O desejo de expandir a visão de mundo, a conscientização com os problemas alheios e a relativização dos próprios problemas poderiam indicar motivações pelo crescimento pessoal, mas no caso de VI8 não parecem estarem atrelada ao benefício próprio e sim a uma dimensão mais ampla: a sociedade. Lange (2004) fala sobre o processo de conscientização, citando Paulo Freire, que é facilitar o entendimento de que as relações de dominância e alienação podem ser modificadas. Apesar de começar em um nível pessoal e individual, essas transformações teriam o potencial de atingir o nível societal, por isso, a fala de VI8 pode ser classificada predominantemente em motivações interpessoais. Para dar mais embasamento a essa classificação, o entrevistado foi questionado sobre o que esperava dessa viagem:

Cara, eu espero conhecer pessoas que tenham uma mentalidade maneira assim, interagir com uma galera legal, que tenham uma cabeça boa nesse sentido assim que mencionei antes, que pensem mais igual a mim assim, sabe? Formar um grupo maneiro de pessoas que tenham mais essa visão pra conhecer a cultura. Enfim, eu quero ter uma inserção cultural também. É isso que eu espero (VI8).

As amizades e formação de grupos se relacionam ao relatado por Coughlan e Gooch (2011) ao abordar o conceito do coletivo, que permite a criação de redes de relacionamento, parcerias locais, regionais e globais com potencial de gerar impactos além do nível pessoal. Perguntado qual seria a motivação principal, se pudesse definir com apenas uma palavra, termo ou frase: “Caraca, uma palavra. Altruísmo (VI8)”. Assim, as motivações dele aparecem de fato a tender mais para o lado interpessoal do espectro.

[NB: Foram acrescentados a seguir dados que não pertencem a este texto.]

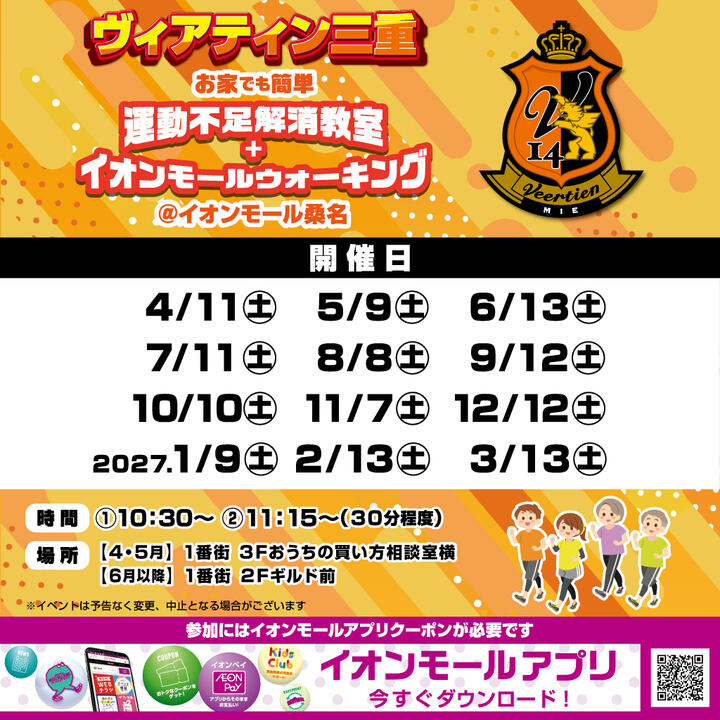 この度、イオンモール桑名 1番街にて、2027年3月までの毎月一回「運動不足解消教室+イオンモールウォーキング」を開催します。
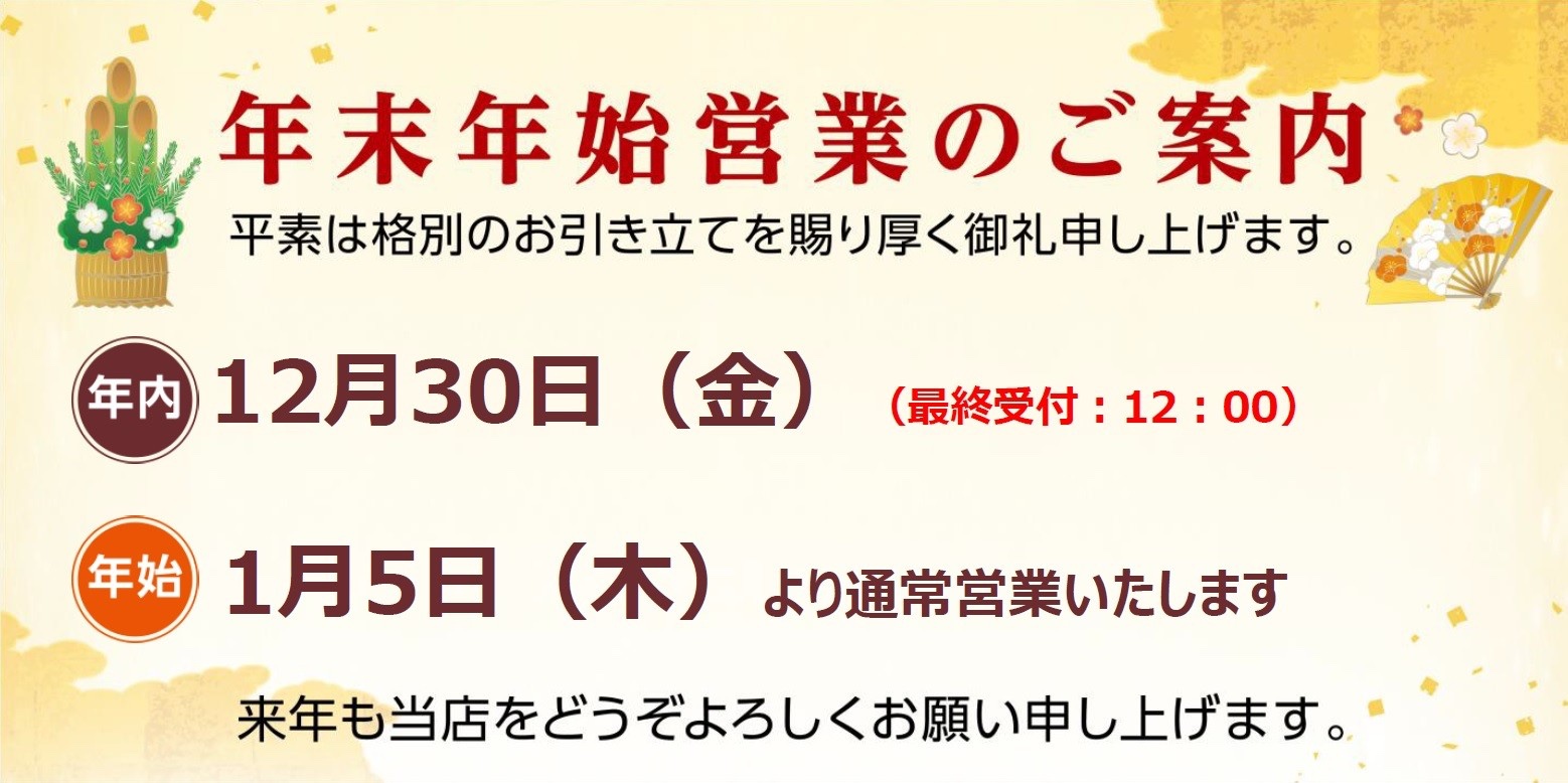 年末年始のご案内。 ポスト 2025年12月30日 年末年始のご案内になります。 年末年始は5日間のお休みを頂いております 当店は、年末年始の休業日といたしまして 12月31日(火) 1月1日(水) 1月2日(木) 1月3日(金) 1月4日(土) の5日間を、休業日とさせて頂きます。 年始営業(初売り)は 1月5日(日)10:30から となります。 お休みの期間、大変ご不便ご迷惑をお掛け致しますが 何卒、ご了承の程よろしくお願いいたします。 ごあいさつ 今年1年も、タイヤ館 綾瀬 をご贔屓に頂き ありがとうございました。 また2025年、令和7年度も 当店スタッフ一同、お客様のご来店を 心よりお待ちしております。 タイヤ館 綾瀬 住所:252-1108神奈川県綾瀬市深谷上1-6-2 電話番号: 0467-79-5660 カテゴリ:その他

Os achados nas respostas dos entrevistados parecem estar de acordo com o relatado por Wearing e McGehee (2013) quando dizem que as motivações dos turistas voluntários são fluídas, podendo para uma única pessoa, oscilar em um espectro de extremos egoísticos e altruísticos. Mesmo os turistas voluntários rasos podem possuir motivações interpessoais e os profundos terem motivações pessoais. Não se presume, portanto, categorizar as motivações dos participantes da viagem à Índia de forma definitiva e rígida, mas sim verificar os relatos dados em determinado momento, para uma viagem específica em um contexto mutável por experiências de vida, expectativas pessoais e inúmeras outras variáveis que podem se modificar e apresentar outros resultados em análises de outras viagens futuras.